Indigenous Pharmacy Professionals of Canada (IPPC) launch national scholarship program
A national Indigenous pharmacy association is launching a new scholarship program aimed at increasing the accessibility of study programs for Indigenous pharmacy students, the group announced earlier this week.
The Indigenous Pharmacy Professionals of Canada (IPPC) announced Monday it was launching the first national scholarship for Indigenous Peoples pursuing a degree in pharmacy.
The IPPC’s founder said one of many myths non-Native people believe is that post-secondary education is free for Indigenous people and said he hopes this new scholarship will reduce the barriers to entry many Indigenous people have experienced.
“It is a myth that Indigenous people receive free post-secondary tuition in Canada — we do not," said Jaris Swidrovich, who is also the chair of the IPPC. "One of the IPPC's key priorities is to encourage and support Indigenous youth pursuing a role in pharmacy. We are confident that this scholarship will help reduce financial barriers to accessing pharmacy education for all future recipients of IPPC scholarships and awards."
The IPPC Indigenous Pharmacy Scholarship is now accepting applications for the 2023-2024 academic year.
The deadline to apply is April 30.
The IPPC Scholarship is open to any First Nations (status or non-status), Métis or Inuit individual enrolled or accepted in a Doctor of Pharmacy (PharmD.) or pharmacy technician program in Canada.

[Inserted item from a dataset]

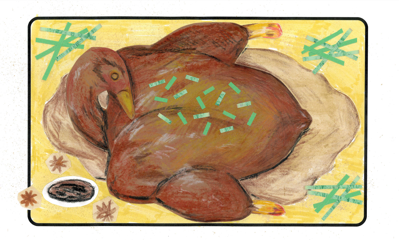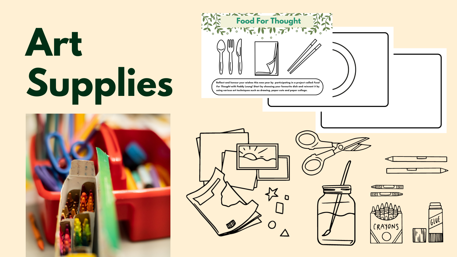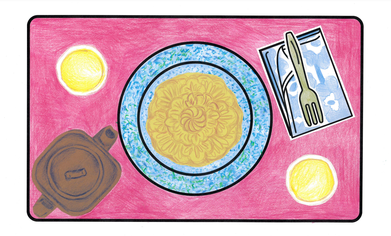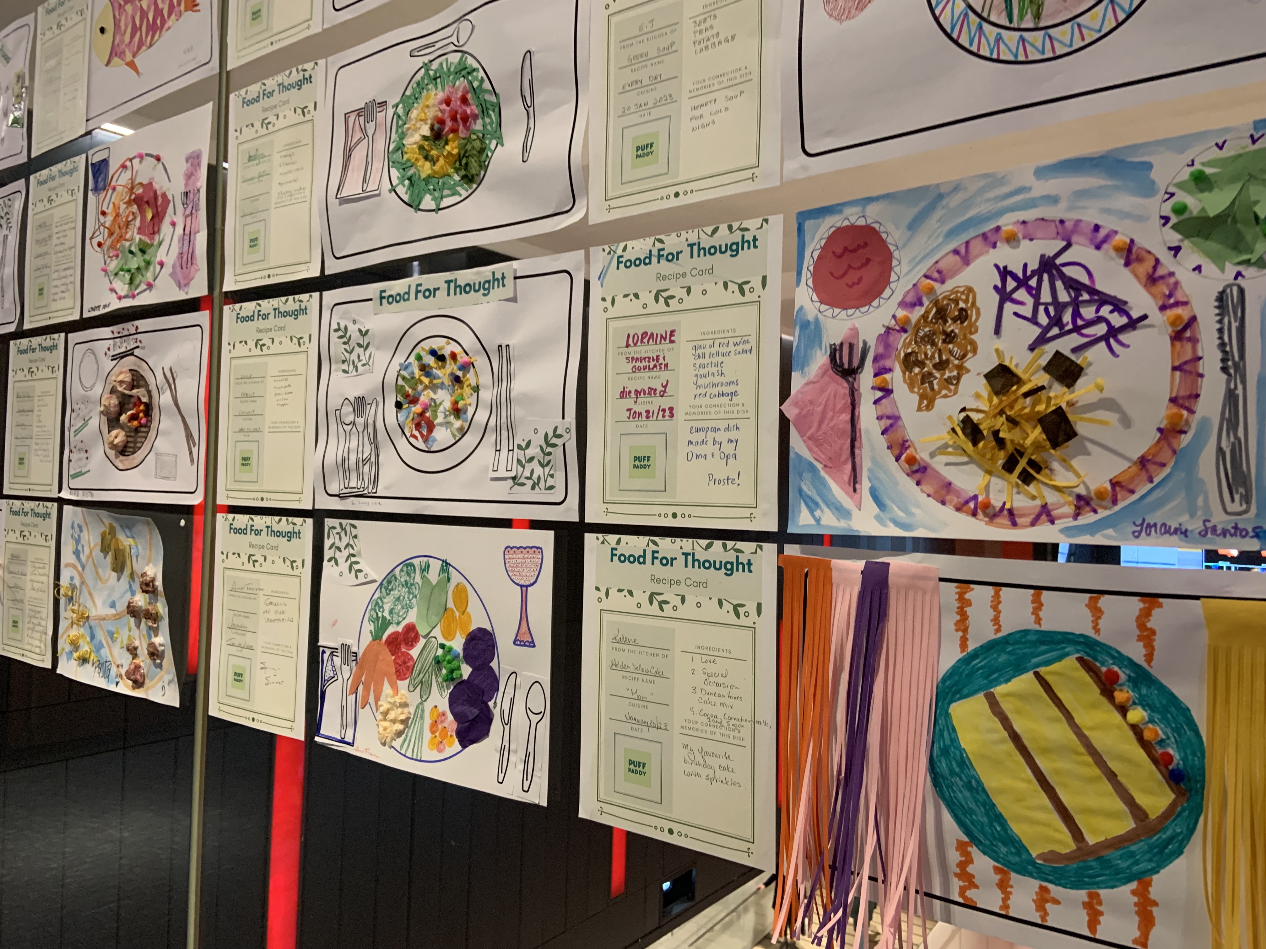 Food For Thought was designed as an accessible art-making experience where participants used provided table mat templates, drawing, and collage materials to create visual representations of their favorite dishes. At the end of the workshop, participants displayed their artwork at the theater entrance, inviting the public to reflect on the intersections of food, memory, and identity

The IPPC and Canadian Pharmacists Association will continue to seek additional funding to expand the Indigenous Pharmacy scholarship program going forward, Swidrovich added.

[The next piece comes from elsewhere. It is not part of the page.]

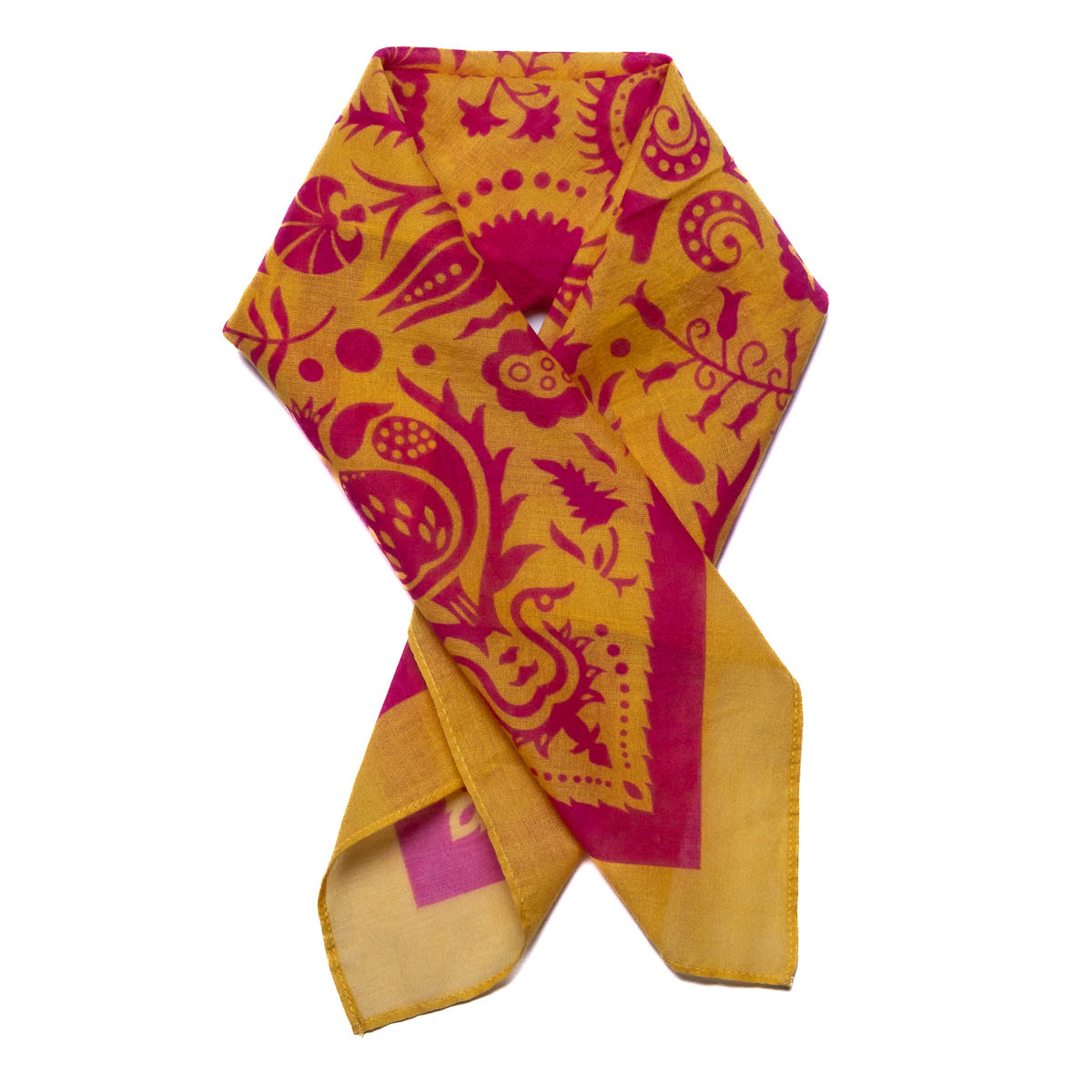 Foulard realizzato in puro cotone di alta qualità, morbido e leggero al tatto. Presenta disegni armoniosi e combinazioni cromatiche raffinate, pensate per una sobria eleganza. I bordi sono finemente rifiniti, a garanzia di durata e resistenza. Un accessorio versatile per essere indossato al collo, sui capelli o come dettaglio su borse e altri capi.

"We are dedicated to building a strong network of Indigenous pharmacy professionals, and we encourage all Indigenous people currently enrolled or considering a career in pharmacy to apply," he said. "We anticipate that this scholarship will grow over time and will assist with increasing visibility and belonging for Indigenous people in pharmacy across Canada."
The Canadian Pharmacists Association (CPhA) chair and dean of Memorial University’s pharmacy program agreed, saying it’s important to increase Indigenous representation in the field.

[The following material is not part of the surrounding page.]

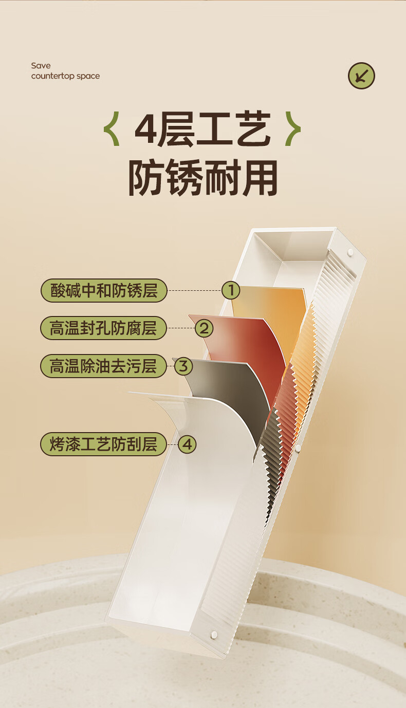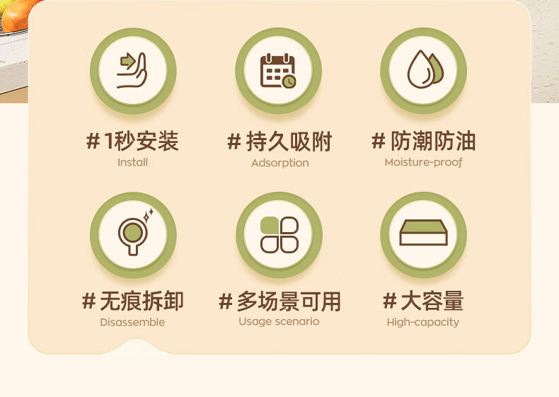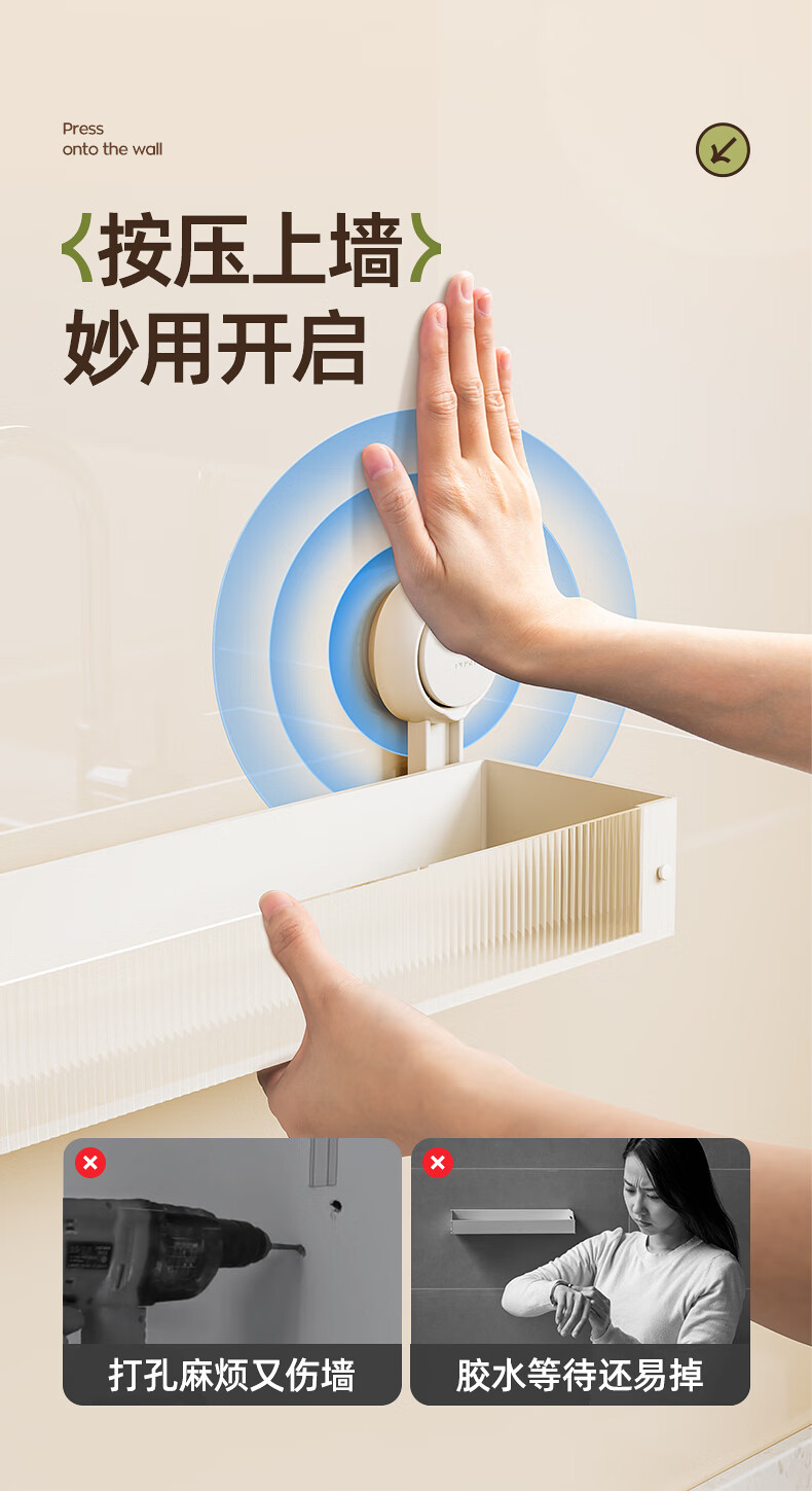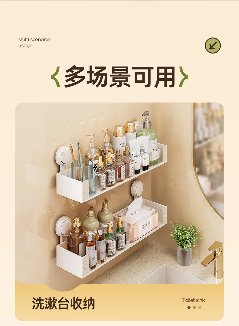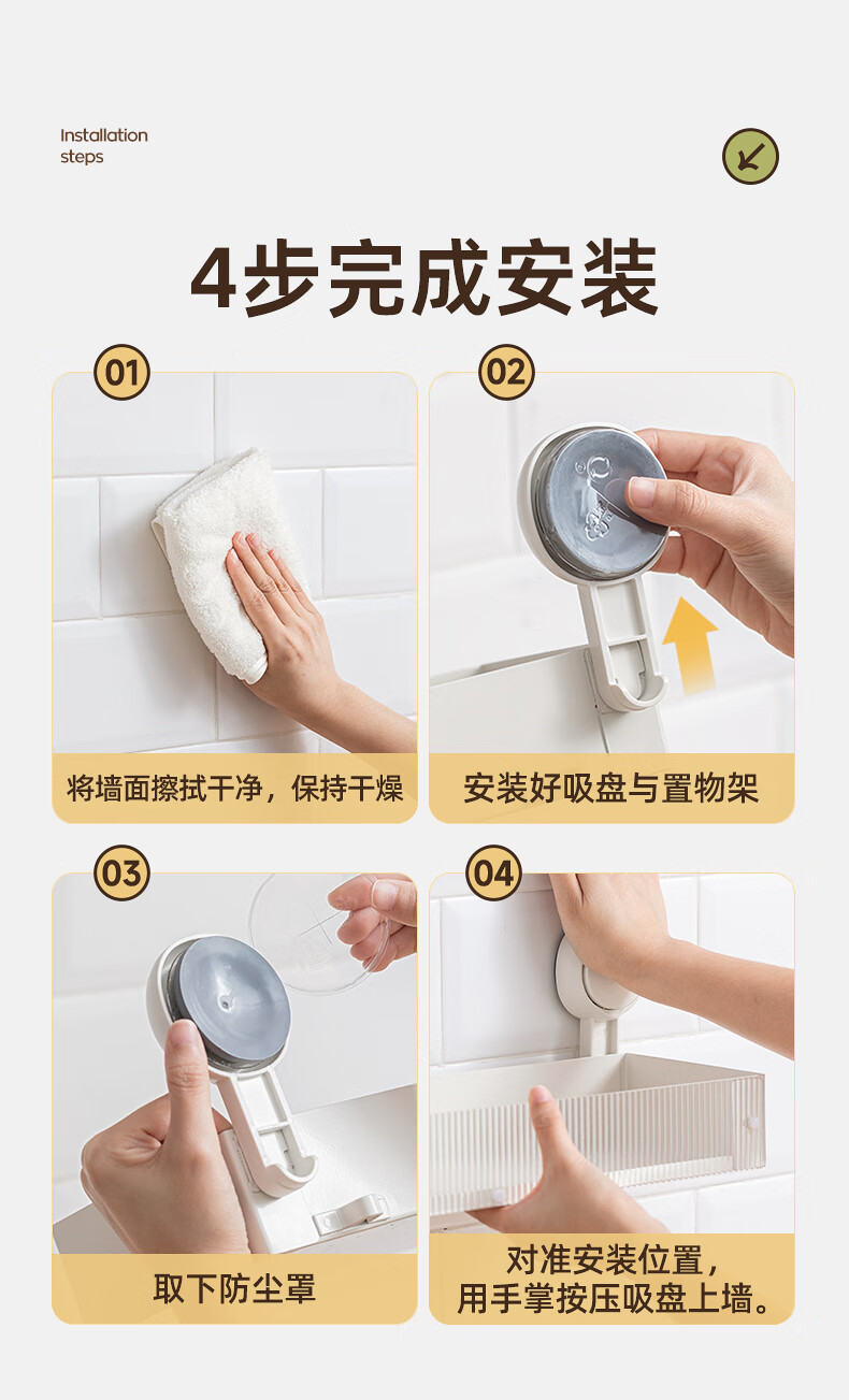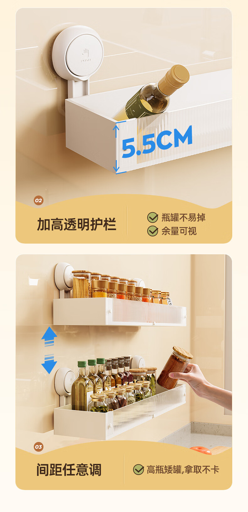 太力(TAILI)吸盘厨房调料置物架壁挂免打孔放调料品厨房用具收纳架白色40CMAWW068

"It is so important to increase representation in our pharmacy schools and to help make every faculty a safe and welcoming place for Indigenous students," said Shawn Bugden. "This scholarship is an important step forward in encouraging more Indigenous people to consider a pharmacy career, and CPhA is proud to support the IPPC and their efforts to grow the Indigenous pharmacy community and enhance the pharmacy care provided to Indigenous patients."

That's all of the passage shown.